= Commission for Reception, Truth and Reconciliation in East Timor =

Independent truth commission in East Timor

The Commission for Reception, Truth and Reconciliation in East Timor (more commonly known by its Portuguese acronym CAVR: Comissão de Acolhimento, Verdade e Reconciliação de Timor Leste) was an independent truth commission established in East Timor in 2001 under the UN Transitional Administration in East Timor (UNTAET) and charged to “inquire into human rights violations committed on all sides, between April 1974 and October 1999, and facilitate community reconciliation with justice for those who committed less serious offenses.” The idea of a truth commission in East Timor was first agreed by the National Council of Timorese Resistance in 2000.

The Commission had a triple mandate as reflected in its name, to address:
(1) reception (acolhimento), the return of Timorese displaced into Indonesian West Timor and their reintegration into their communities, which the Commission described as "people embracing each other as East Timorese, of coming back to our selves, living under one roof, after many years of division and violence";
(2) truth seeking, rendering a full accounting of human rights violations between 1974 and 1999 (the end of the period of Indonesian rule), primarily though the collection of 7,669 statements; and
(3) reconciliation, conducted through a "novel and previously untested programme" called the Community Reconciliation Process, designed to reintegrate low-level offenders into their community.

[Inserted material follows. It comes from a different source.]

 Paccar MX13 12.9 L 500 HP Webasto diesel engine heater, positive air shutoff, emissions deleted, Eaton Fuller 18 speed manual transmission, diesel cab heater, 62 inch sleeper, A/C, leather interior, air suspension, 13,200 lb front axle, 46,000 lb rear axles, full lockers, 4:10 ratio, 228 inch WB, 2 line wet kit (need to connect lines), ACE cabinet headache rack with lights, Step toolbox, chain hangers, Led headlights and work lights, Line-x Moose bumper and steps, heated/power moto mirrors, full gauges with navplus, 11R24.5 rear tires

The commissioners, all Timorese nationals, were:
- Aniceto Guterres Lopes, from the human rights group "Yayasan Hak"
- Jacinto Alves
- Maria Olandina Isabel Caeiro Alves, chair of "Women against violence"
- Isabel Amaral Guterres
- Father Jovito Araujo, a Catholic priest and former member of the resistance group OJETIL (Organização de Jovens e Estudantes de Timor Leste)
- Jose Estevao Soares
- Agustino de Vasconcelos, a minister in the East Timor Protestant Church (GKTT)

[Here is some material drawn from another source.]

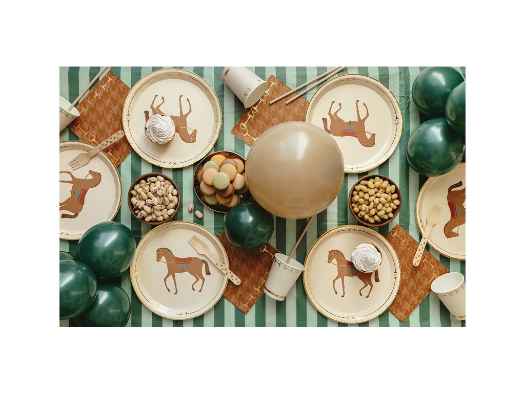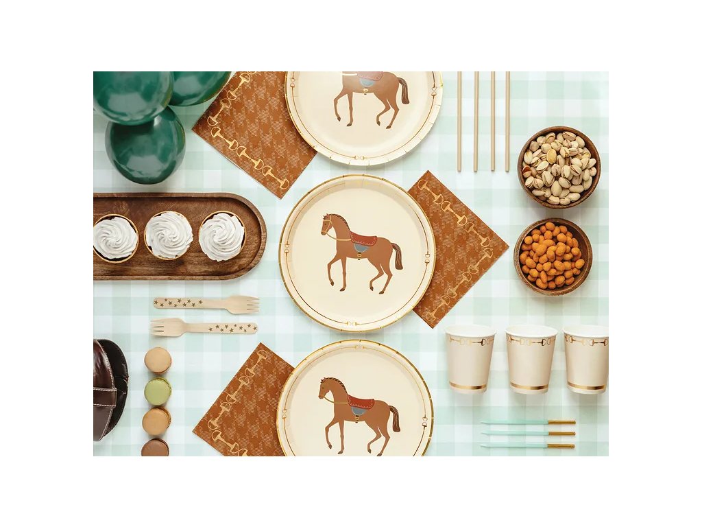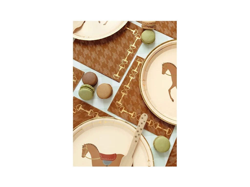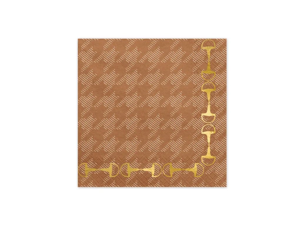 Dodejte svému stolu nádech elegance a stylu! ✨ Tyto hnědé ubrousky se zlatým motivem třmenů skvěle ladí s tématikou koní, venkovských oslav nebo přírodně laděných svateb. Jsou ideální pro slavnostní stolování, piknik nebo stylovou narozeninovou párty. 🎠
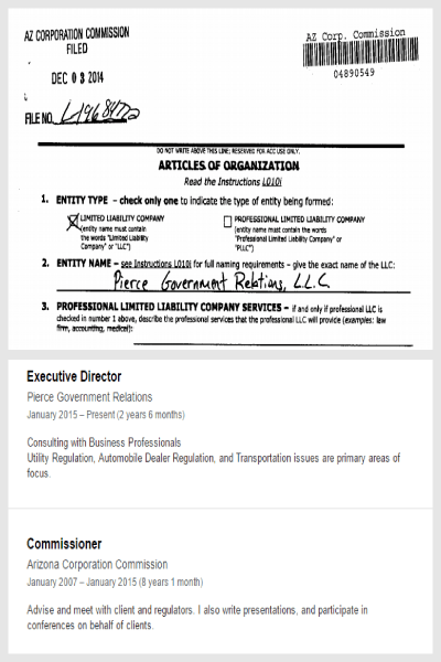 In a statement to The Arizona Republic in 2014, Gary Pierce said there was no tie between his votes on the commission and his son’s campaign for office. “It should go without saying, but to set the record straight, I have never made a deal with APS to cast a vote in exchange for a benefit to my son Justin Pierce’s campaign for Secretary of State,” he wrote.

CAVR was housed in the Comarca, a former Portuguese and Indonesian prison, which today houses the Centro Nacional Chega!, the CAVR archive, and a museum open to the public.

During its work, over 10,000 statements were taken from victims and perpetrators, and public hearings were held which were broadcast on tv and radio. The Commission delivered its 2,500-page report entitled Chega! meaning "stop" or "enough" in Portuguese, covering human rights violations from 1974 to 1999, to the President of East Timor on 31 October 2005. The President then handed the report to the Secretary General of the UN as required by law, on 20 January 2006.

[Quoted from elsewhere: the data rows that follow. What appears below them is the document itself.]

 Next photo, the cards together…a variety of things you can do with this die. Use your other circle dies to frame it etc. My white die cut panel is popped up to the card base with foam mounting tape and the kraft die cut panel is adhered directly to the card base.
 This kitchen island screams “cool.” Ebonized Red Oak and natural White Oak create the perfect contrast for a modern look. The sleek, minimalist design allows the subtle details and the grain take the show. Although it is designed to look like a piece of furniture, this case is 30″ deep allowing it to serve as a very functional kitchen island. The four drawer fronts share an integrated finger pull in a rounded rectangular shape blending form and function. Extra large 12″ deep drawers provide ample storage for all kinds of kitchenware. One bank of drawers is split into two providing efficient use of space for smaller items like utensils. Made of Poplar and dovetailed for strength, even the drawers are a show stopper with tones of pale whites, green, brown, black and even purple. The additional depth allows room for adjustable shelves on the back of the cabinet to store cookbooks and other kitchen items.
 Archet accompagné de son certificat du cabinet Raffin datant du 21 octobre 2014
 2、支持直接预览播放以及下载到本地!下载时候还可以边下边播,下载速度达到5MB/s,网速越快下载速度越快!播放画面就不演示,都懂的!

Chega! found that East Timor had suffered massive human rights violations, including violations of the right to self-determination, killings and disappearances, forced displacement and famine, detention and torture, violations of the laws of war, political trials, sexual violence, violations of the rights of the child, and violations of economic and social rights. It determined that the death toll during Indonesian rule had been between a low limit of 102,800 and may have been as high as 183,000. It also concluded that the majority of deaths had been the result of actions by the Indonesian army, and that violence in 1999 was the result of a "systematic campaign orchestrated at the highest levels of the Indonesian government." The findings of Chega were affirmed in 2008 by the Indonesia–Timor Leste Commission of Truth and Friendship.

The Chega! report was published in Indonesian and subsequently in English translation by Kompas Gramedia Group. It consists of five volumes:
- Vol 1: CAVR’s work and mandate; history of the conflict; analysis of the occupying power and the resistance; profile of human rights violations 1974-1999.
- Vol 2: Human rights violations: self-determination; unlawful killings and forced disappearances; forced displacement and famine.
- Vol 3: Human rights violations (cont.): arbitrary detention, torture and ill-treatment; violations of the laws of war; political trials; rape, sexual slavery and other forms of sexual violence; violations of the rights of the child; economic and social rights.
- Vol 4: Findings on responsibility and accountability; the community reconciliation process; victim support; recommendations.
- Vol 5: Appendices on: crimes against humanity in 1999, data and statistical methods, indictments by the Serious Crimes Unit, and acknowledgements (including donors); glossary; index.

== Follow-up ==
The Chega! Report was never debated in parliament, although the government of Timor-Leste says it implemented the majority of the report’s recommendations.

Follow-up work on education, archives, memorialization, advocacy, victim support and other aspects are carried out by the Centro Nacional Chega!, established in 2016 by then prime minister Rui María de Araújo.

Several non-governmental organizations are also active in pushing for full implementation of the Chega! Recommendations, including the Chega for Us Association (ACBIT) and Asia Justice and Rights (AJAR).